[[ Data records, beginning ]]

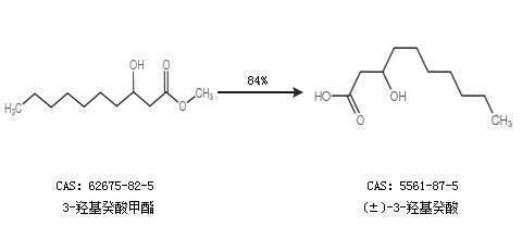 1.通过3-羟基癸酸甲酯合成(±)-3-羟基癸酸,收率约84%;
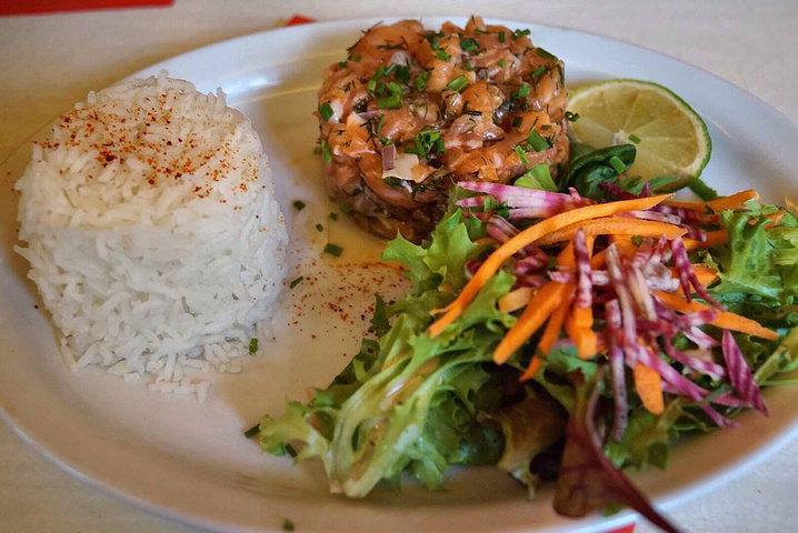 烟熏三文鱼配米饭,为“不吃米会死”的小伙伴点的,份量非常足,三文鱼也很新鲜。
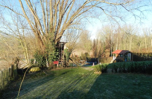 1200m² garden with slide, swing, trampoline, tree house (shared with the owners).
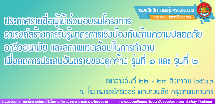 ประกาศรายชื่อผู้เข้าร่วมอบรมโครงการรณรงค์สร้างการรับรู้มาตรการเชิงป้องกันด้านความปลอดภัย อาชีวอนามัย และสภาพแวดล้อมในการทำงาน เพื่อลดการประสบอันตรายของลูกจ้าง รุ่นที่ ๑ และรุ่นที่ ๒
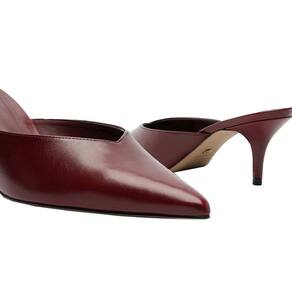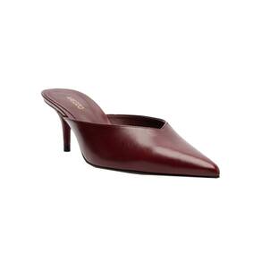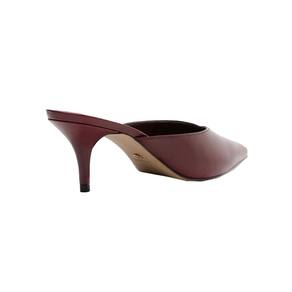 Scarpin Mule feminina marrom tem salto médio fino e ponta fina. Fechada, tem recorte em V no cabedal. Com palmilha da cor da mule e inscrição do nome da marca.
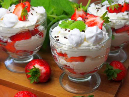- У прозорі склянки, креманки або вазочки викладіть першим шаром шматочки охололого безе. Далі йде шар полуниці. Потім — вершки. Просто чергуйте шари, поки не заповните склянки доверху.
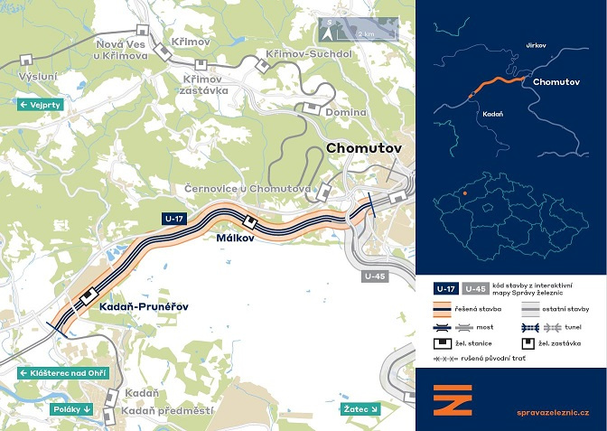 V polovině letošního roku zahájí Správa železnic rekonstrukci traťového úseku mezi Chomutovem a Kadaní. Nyní hledá zhotovitele prací, předpokládané celkové náklady stavby dosahují 3,75 miliardy korun. Zahájení prací se plánuje v červnu, dokončení v závěru příštího roku. Stavba přinese zvýšení traťové rychlosti až na 160 km/h, cestující na nádražích získají pohodlný přístup na nástupiště i nástup do vlaků.
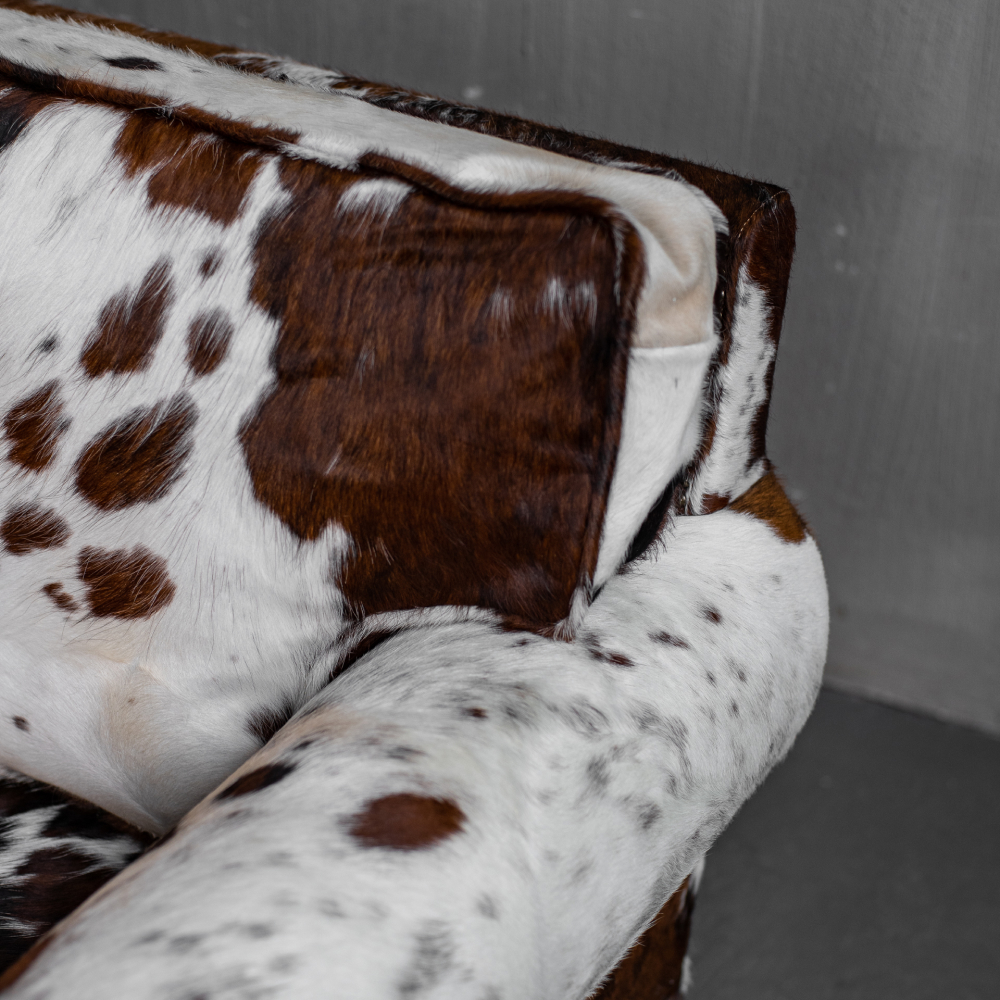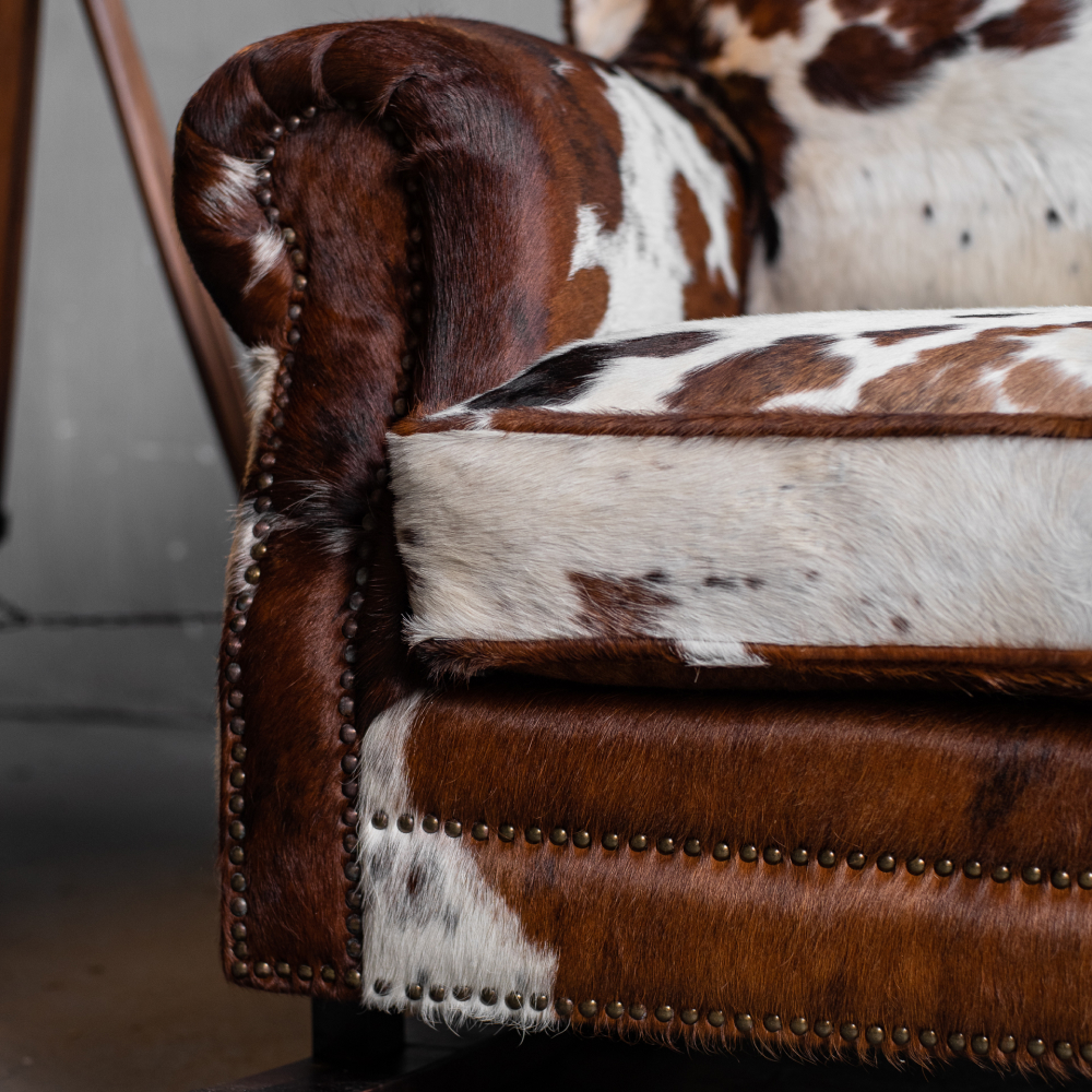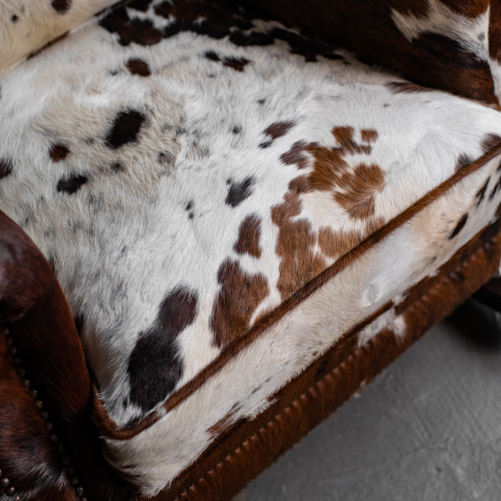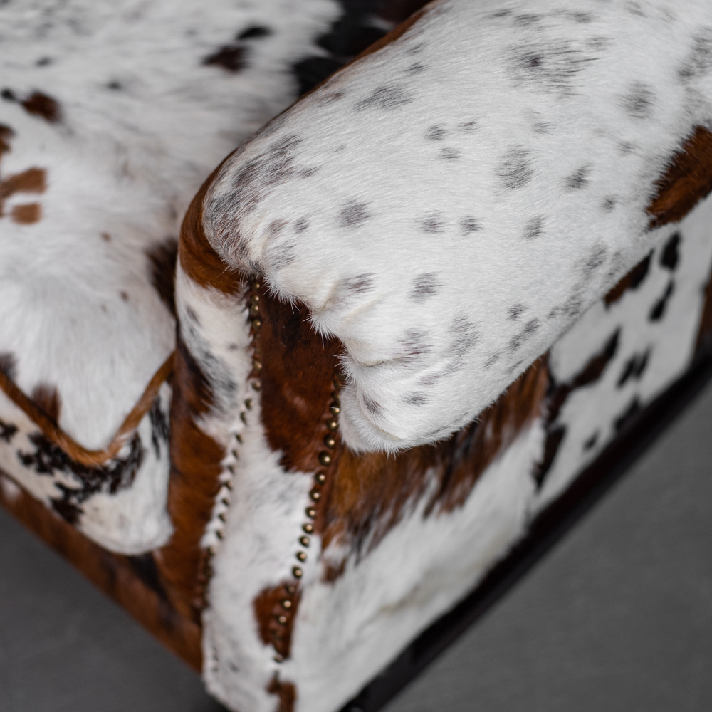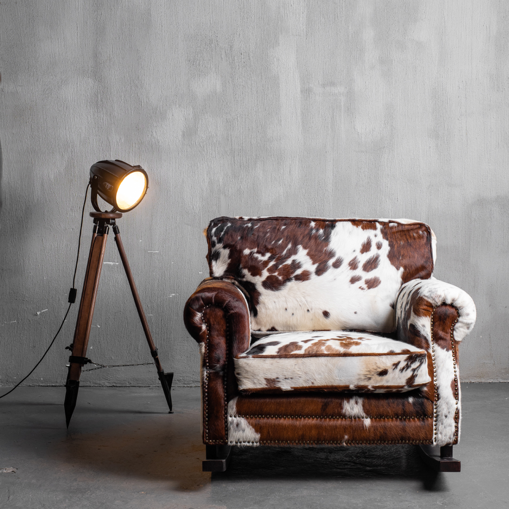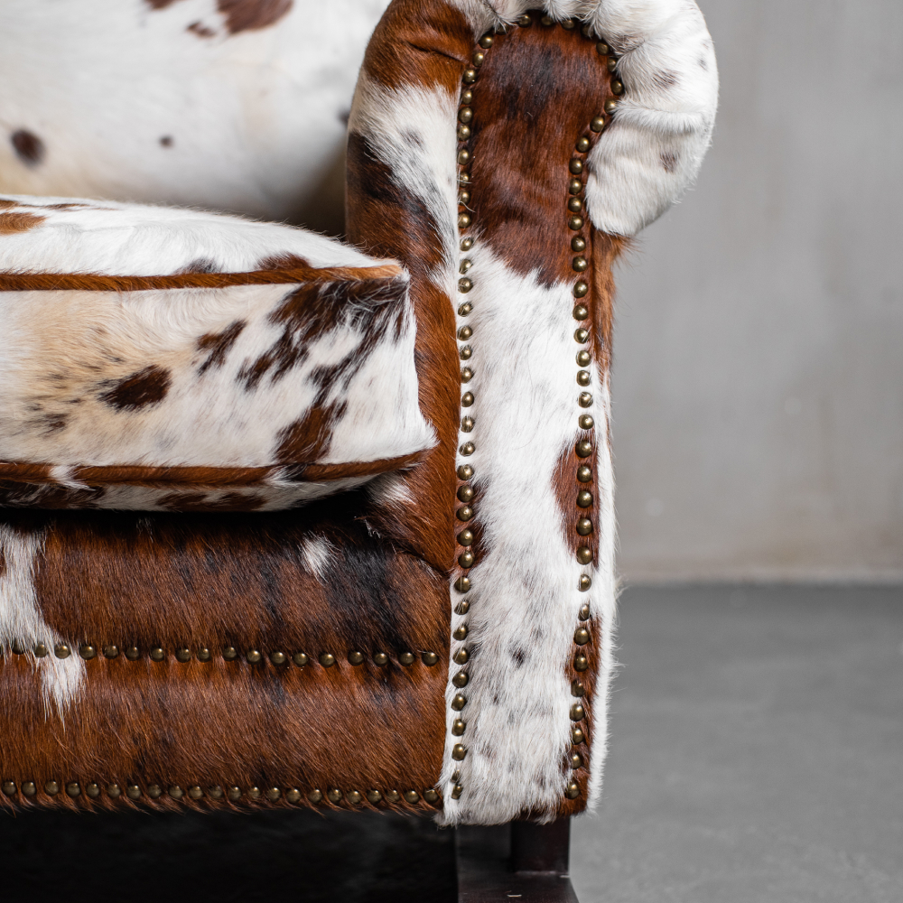 — Эстетика и уют: Обивка из коровьего меха придаёт креслу уникальный, стильный вид, который прекрасно впишется в любой интерьер, от современного до классического.

[[ Data records, end ]]

• Task prompt:
Pictures stay out; reproduce every line of the records exactly.

• Output of the exercise:
 1.通过3-羟基癸酸甲酯合成(±)-3-羟基癸酸,收率约84%;
 烟熏三文鱼配米饭,为“不吃米会死”的小伙伴点的,份量非常足,三文鱼也很新鲜。
 1200m² garden with slide, swing, trampoline, tree house (shared with the owners).
 ประกาศรายชื่อผู้เข้าร่วมอบรมโครงการรณรงค์สร้างการรับรู้มาตรการเชิงป้องกันด้านความปลอดภัย อาชีวอนามัย และสภาพแวดล้อมในการทำงาน เพื่อลดการประสบอันตรายของลูกจ้าง รุ่นที่ ๑ และรุ่นที่ ๒
 Scarpin Mule feminina marrom tem salto médio fino e ponta fina. Fechada, tem recorte em V no cabedal. Com palmilha da cor da mule e inscrição do nome da marca.
- У прозорі склянки, креманки або вазочки викладіть першим шаром шматочки охололого безе. Далі йде шар полуниці. Потім — вершки. Просто чергуйте шари, поки не заповните склянки доверху.
 V polovině letošního roku zahájí Správa železnic rekonstrukci traťového úseku mezi Chomutovem a Kadaní. Nyní hledá zhotovitele prací, předpokládané celkové náklady stavby dosahují 3,75 miliardy korun. Zahájení prací se plánuje v červnu, dokončení v závěru příštího roku. Stavba přinese zvýšení traťové rychlosti až na 160 km/h, cestující na nádražích získají pohodlný přístup na nástupiště i nástup do vlaků.
 — Эстетика и уют: Обивка из коровьего меха придаёт креслу уникальный, стильный вид, который прекрасно впишется в любой интерьер, от современного до классического.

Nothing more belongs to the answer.